福岡県中間市の私立双葉保育園で2021年7月、園児の倉掛冬生ちゃん(当時5歳)が送迎バスに約9時間取り残され、熱中症で死亡した事件から29日で5年となった。園が駐車場に設置している献花台には遺族や市民らが訪れ、冥福を祈った。
兄が献花「今は冬生の分までサッカー」
献花台には冬生ちゃんの遺影が置かれ、園関係者や住民らが飲み物やお菓子を供えて手を合わせた。冬生ちゃんの兄(16)も訪れ、「一緒にサッカーやゲームをよくしていて、事件の少し前も今度一緒に遊ぼうと話していた」と振り返った。事件当日にバスが置かれていた場所に線香を供え「5年間、本当につらい日々だ。今は冬生の分までサッカーを頑張っています」と語った。

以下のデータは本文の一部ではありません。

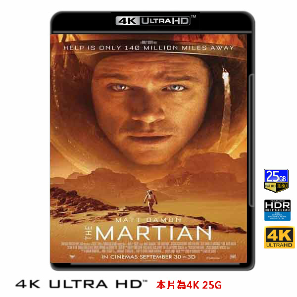 商品屬性 [片名] 絕地救援 The Martian (2015) 4KUHD25G [年份] 2015 [格式] 4KUHD25G50G [片裝數] 1 [發音] 英 DTS 7.1/英DD5.1...等 [字幕] 繁中/簡中/英....等 [備註] 本片為4KUHD25G,藍光機無法播放,必須用4KUHD25G帶HDR的播放機來放影 本片為4KUHD - 25G本片為4KUHD影片,必須用4KUHD帶HDR播放機才可以播放,一般藍光機(Blu-ray Player, PS3, PS4, PS4 pro,Blu-ray Rom,升級後的Xbox ONE S/X 均無法讀取影片).HDR效果:必須4KUHD播放機配合電視為4K帶HDR及亮度達700NIT以上才可以完美享受HDR效果.市場上很多假4K播放機及平價假4K電視,相關規格不詳,請小心購買.有關4KUHD的問題,請參考>>>>點入參考<<<4KUHD實物包裝如圖:《異形》《普羅米修斯》導演雷利史考特最新科幻作品,麥特戴蒙主演。劇本取材自Andy Weir所撰寫的暢銷網路小說〈火星任務〉,描述一名太空人因故擱淺在火星上,試圖努力存活下來並找出返回地球的路徑,情節也被形容為像是結合《浩劫重生》與《阿波羅13》的太空求生故事。 太空人馬克瓦特尼(麥特戴蒙飾)和太空小組首次登陸火星執行任務時,意外遭受強烈的暴風侵襲,一行人被迫放棄任務即刻撤退,馬克卻遭暴風中的物體高速擊中,並與成員分散,組員們誤以為他已不幸殉職便直接折返地球。清醒後的馬克,發現自己孤伶伶的受困在火星上,他必須運用有限的資源和他擁有的知識努力存活下來,並設法傳送訊息,告訴地球上的組員們他還活著。而地球上的團隊又將如何突破重重困難,並在分秒必爭的限制下重返火星救回馬克?

冬生ちゃんと同い年の息子がいるという、同県直方市の保育士の女性(48)は「安らかに眠ってほしいと思いながら手を合わせました」と話した。
安全装置義務化も置き去り後絶たず
冬生ちゃんの事件後、22年9月に静岡県牧之原市でも同様の事件が起きたことを受け、国は23年4月、通園バスに安全装置の設置を義務化した。だが、教育現場では現在も子どもがバスに置き去りにされる事案が続いており、一般家庭でも子どもを車内に放置する事案が後を絶たない。